Active Record 명명된 범위와 마찬가지로 옵션 해시를 반환하는 Proc 개체를 전달할 수 있습니다. 예를 들어, 다음 범위는 검색할 열을 동적으로 선택하는 매개변수를 사용합니다.

중요: 반환된 해시에는 :query 키가 포함되어야 합니다. 그 값이 반드시 동적일 필요는 없습니다. 원하는 경우 특정 값으로 하드 코딩하도록 선택할 수 있습니다.

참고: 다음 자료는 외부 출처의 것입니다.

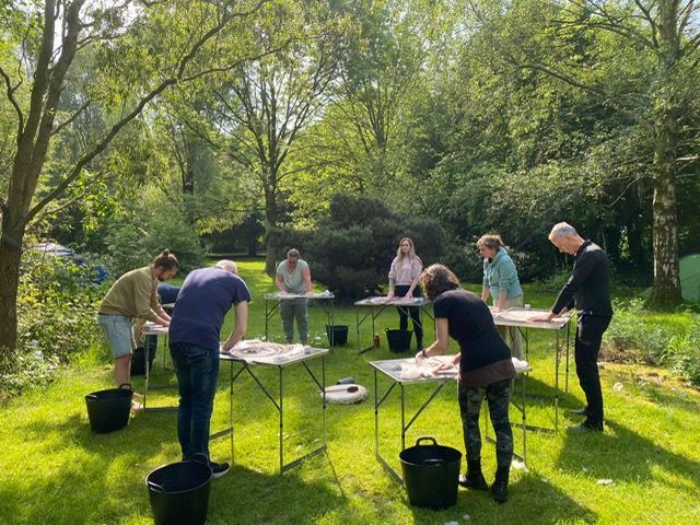 De dag begint met het wassen van de huiden, begeleid door onze adem.
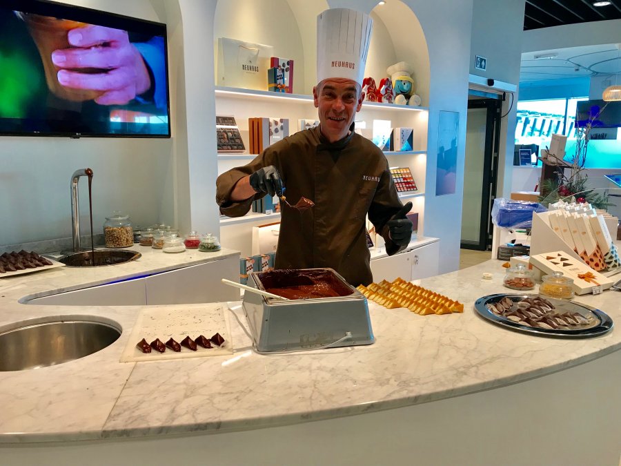 Fick en Smurfchoklad från en kille på Neuhaus mellan ingångarna.Några praliner?
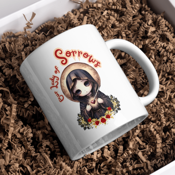 Dù được thể hiện qua phong cách chibi, Đức Mẹ Sầu Bi vẫn giữ được sự trang nghiêm và lòng cảm thương. Đôi mắt buồn bã và nụ cười hiền dịu của Đức Mẹ chibi là lời nhắc nhở về nỗi đau mà Mẹ đã trải qua khi chứng kiến Chúa Giêsu chịu khổ nạn. Chiếc ly sứ in hình Đức Mẹ Sầu Bi chibi là một biểu tượng mạnh mẽ của sự đồng cảm và chia sẻ, giúp người sử dụng cảm nhận được sự an ủi trong những lúc khó khăn.
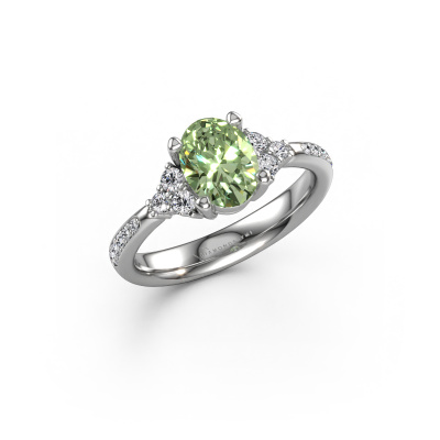 This 14 Carat white gold ring is called Aleida OVL 2 and is set with 8x6 mm green lab grown diamond. Does your girlfriend fancy exclusive jewellery? Or would you like to show her that she deserves the finest jewellery? This white gold ring is pure craftsmanship, love and passion combined with the latest techniques coming together in perfect harmony. It requires a keen eye, patience and a skilful hand to mould this ring into perfection. Just the job for our expert goldsmith! The green lab grown diamonds set gemstones gives this white gold ring an extra glamorous appearance. Customize the style of the charming engagement ring to her liking with a wide variety of precious metals and gemstones which you select. That is how you create a unique ring for the most exclusive woman in your life! This jewel is made just for you by our master goldsmiths in our own studio.By using a combination of the latest modern techniques, combined with ancient crafting, we can make all our engagement rings in our own studio. Each jewel is made to order. This is advantageous because we can offer you a price you won't find anywhere else.Do you have a specific ring in mind? One you came across somewhere. Please feel free to tell us your wishes and we will turn your design into a unique engagement ring. You can follow the development of your ring design because we use 3D drawings. This gives you a realistic preview of your design. We will gladly send you a non-binding offer, based on a fair price/ quality ratio. It will amaze you.To make it easier for you, we offer a 30 day return policy. Check our terms and conditions.
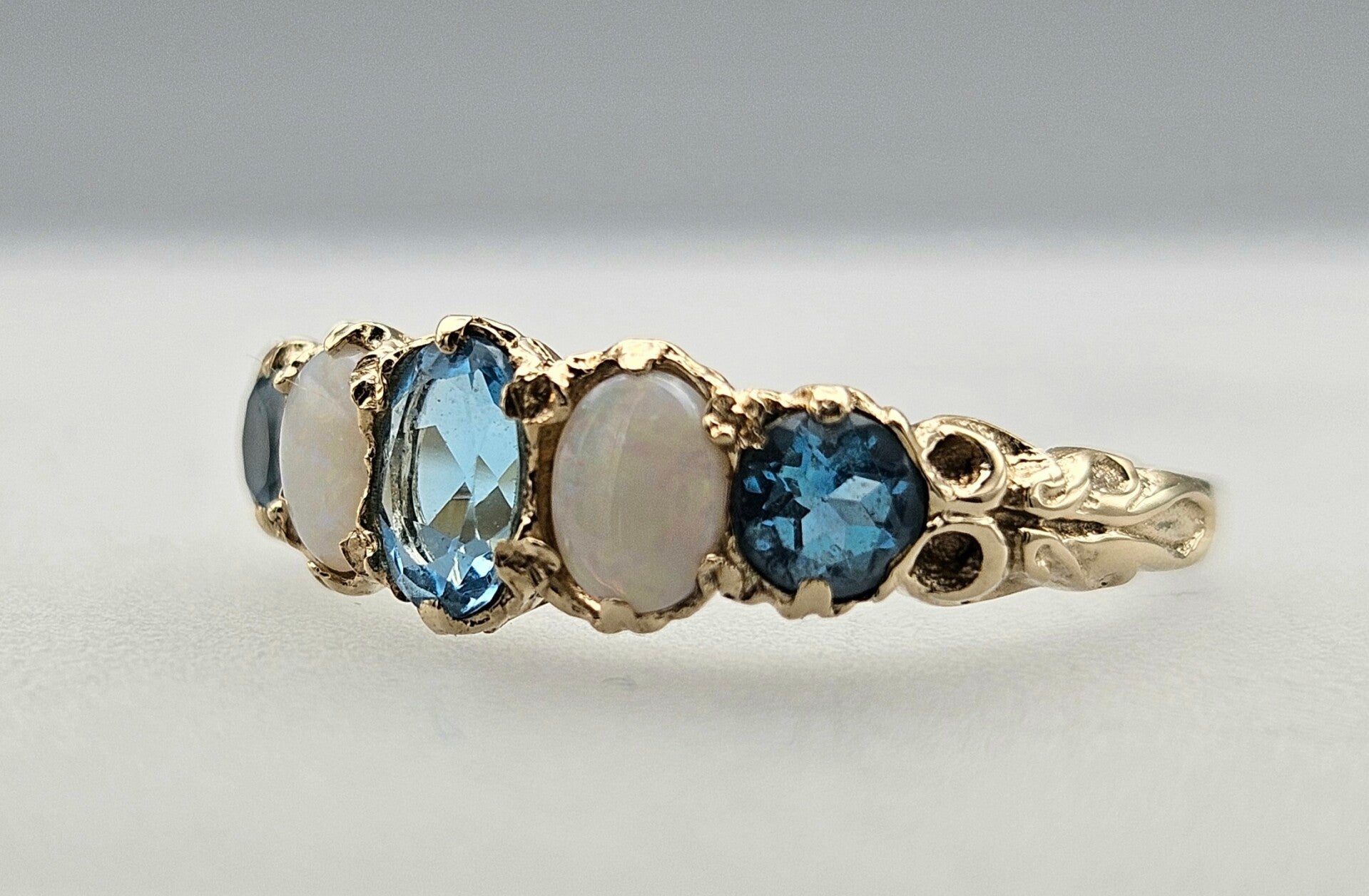 Vintage ring met edelsteen topaas en opaal. 2024/340

 class Person < ActiveRecord :: Base
  include PgSearch :: Model
  pg_search_scope :search_by_name , lambda { | name_part , query |
    raise ArgumentError unless [ :first , :last ] . include? ( name_part )
    {
      against : name_part ,
      query : query
    }
  }
end

person_1 = Person . create! ( first_name : "Grant" , last_name : "Hill" )
person_2 = Person . create! ( first_name : "Hugh" , last_name : "Grant" )

Person . search_by_name :first , "Grant" # => [person_1]
Person . search_by_name :last , "Grant" # => [person_2]

협회를 통한 검색

관련 모델의 컬럼을 검색할 수 있습니다. 이렇게 하면 데이터베이스 인덱스를 사용한 검색 속도를 높일 수 없습니다. 그러나 모델 간 검색을 시도하는 빠른 방법으로 지원됩니다.

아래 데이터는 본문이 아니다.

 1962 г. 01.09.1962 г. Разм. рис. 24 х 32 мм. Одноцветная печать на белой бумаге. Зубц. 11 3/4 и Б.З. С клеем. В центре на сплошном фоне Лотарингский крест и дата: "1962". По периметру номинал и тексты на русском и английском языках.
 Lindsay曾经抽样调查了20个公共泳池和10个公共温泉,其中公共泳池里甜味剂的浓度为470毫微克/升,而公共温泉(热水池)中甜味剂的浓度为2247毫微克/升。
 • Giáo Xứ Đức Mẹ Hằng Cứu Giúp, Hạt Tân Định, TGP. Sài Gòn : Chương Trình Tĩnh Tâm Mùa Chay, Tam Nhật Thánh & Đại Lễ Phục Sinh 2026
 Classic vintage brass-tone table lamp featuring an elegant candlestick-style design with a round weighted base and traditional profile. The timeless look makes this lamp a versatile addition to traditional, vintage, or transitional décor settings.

:associated_against 옵션에 해시를 전달하여 연관 검색을 설정할 수 있습니다. 키는 연결의 이름이며 값은 다른 모델의 :against 옵션처럼 작동합니다. 현재로서는 하나의 연결보다 더 깊은 검색이 지원되지 않습니다. 일련의 :through 연결을 설정하여 모든 방향을 가리켜 이 문제를 해결할 수 있습니다.

 class Cracker < ActiveRecord :: Base
  has_many :cheeses
end

class Cheese < ActiveRecord :: Base
end

class Salami < ActiveRecord :: Base
  include PgSearch :: Model

  belongs_to :cracker
  has_many :cheeses , through : :cracker

  pg_search_scope :tasty_search , associated_against : {
    cheeses : [ :kind , :brand ] ,
    cracker : :kind
  }
end

salami_1 = Salami . create!
salami_2 = Salami . create!
salami_3 = Salami . create!

limburger = Cheese . create! ( kind : "Limburger" )
brie = Cheese . create! ( kind : "Brie" )
pepper_jack = Cheese . create! ( kind : "Pepper Jack" )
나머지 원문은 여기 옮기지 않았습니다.